Neural Networks (NN) provide a powerful method for machine learning training and inference. To effectively train, it is desirable for multiple parties to combine their data – however, doing so conflicts with data privacy. In this work, we provide novel three-party secure computation protocols for various NN building blocks such as matrix multiplication, convolutions, Rectified Linear Units, Maxpool, normalization and so on. This enables us to construct three-party secure protocols for training and inference of several NN architectures such that no single party learns any information about the data. Experimentally, we implement our system over Amazon EC2 servers in different settings.

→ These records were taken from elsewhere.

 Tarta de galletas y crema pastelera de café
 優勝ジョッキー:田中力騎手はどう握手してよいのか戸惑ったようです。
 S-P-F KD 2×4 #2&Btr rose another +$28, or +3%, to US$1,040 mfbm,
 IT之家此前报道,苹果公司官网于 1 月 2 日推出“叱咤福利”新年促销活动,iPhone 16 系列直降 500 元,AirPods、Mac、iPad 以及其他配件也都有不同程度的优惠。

Our work advances the state-of-the-art of secure computation for neural networks in three ways:
1. Scalability: We are the first work to provide neural network training on Convolutional Neural Networks (CNNs) that have an accuracy of > 99% on the MNIST dataset;
2. Performance: For secure inference, our system outperforms prior 2 and 3-server works (SecureML, MiniONN, Chameleon, Gazelle) by 6×-113× (with larger gains obtained in more complex networks). Our total execution times are 2 − 4× faster than even just the online times of these works. For secure training, compared to the only prior work (SecureML) that considered a much smaller fully connected network, our protocols are 79× and 7× faster than their 2 and 3-server protocols. In the WAN setting, these improvements are more dramatic and we obtain an improvement of 553×!

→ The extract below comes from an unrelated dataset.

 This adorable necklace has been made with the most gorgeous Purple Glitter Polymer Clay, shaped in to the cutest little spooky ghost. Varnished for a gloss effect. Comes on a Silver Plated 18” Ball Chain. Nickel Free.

3. Security: Our protocols provide two kinds of security: full security (privacy and correctness) against one semi-honest corruption and the notion of privacy against one malicious corruption [Araki et al. CCS’16]. All prior works only provide semi-honest security and ours is the first system to provide any security against malicious adversaries for the secure computation of complex algorithms such as neural network inference and training.
Our gains come from a significant improvement in communication through the elimination of expensive garbled circuits and oblivious transfer protocols.